*Data extract*:
= = = = = = =
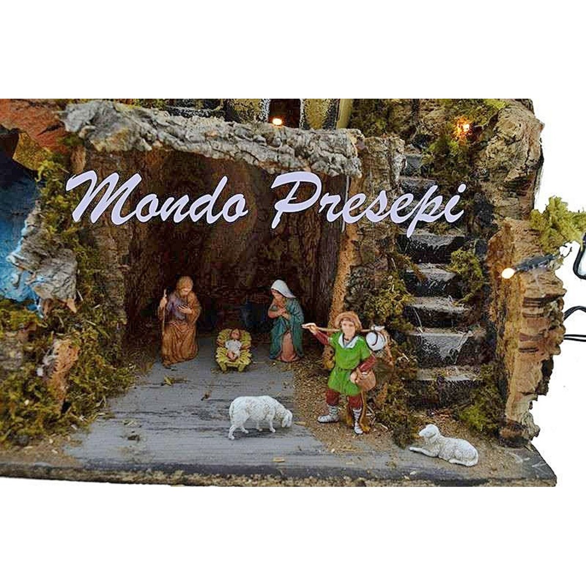 Presepe con statue Landi e ruscello luci cm 42x35x38 h. Mondo
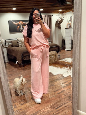 - Washed Slub Short Sleeve Tee & Long Pants Set
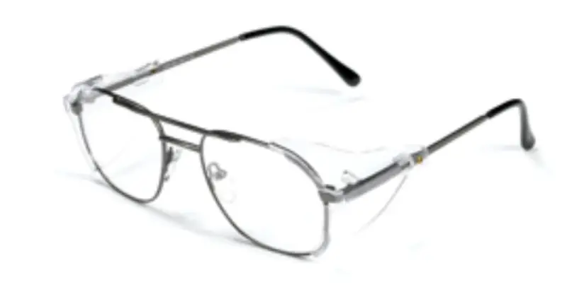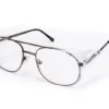Donkergrijze, metalen veiligheidsbril met polycarbonaat glazen ter bescherming tegen inslag en stof. Voorzien van een kraswerende laag en anti fog coating. De zijbescherming in helder polycarbonaat en vastgeklonken. Apart bijpassend etui verkrijgbaar.
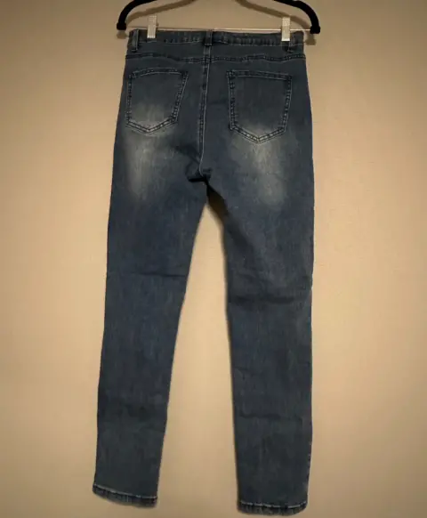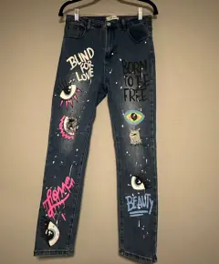 Pantalón de mezclilla strech con estampado. El jeans más cool con strech y estampados, parches de ojo & Blind for Love, talla L
= = = = = = =
*Task item*:
Restate word for word the lines from the one containing "Donkergrijze, metalen veiligheidsbril" through the end of the material above, both included, and nothing besides; drop the pictures.

*Solution*:
Donkergrijze, metalen veiligheidsbril met polycarbonaat glazen ter bescherming tegen inslag en stof. Voorzien van een kraswerende laag en anti fog coating. De zijbescherming in helder polycarbonaat en vastgeklonken. Apart bijpassend etui verkrijgbaar.
 Pantalón de mezclilla strech con estampado. El jeans más cool con strech y estampados, parches de ojo & Blind for Love, talla L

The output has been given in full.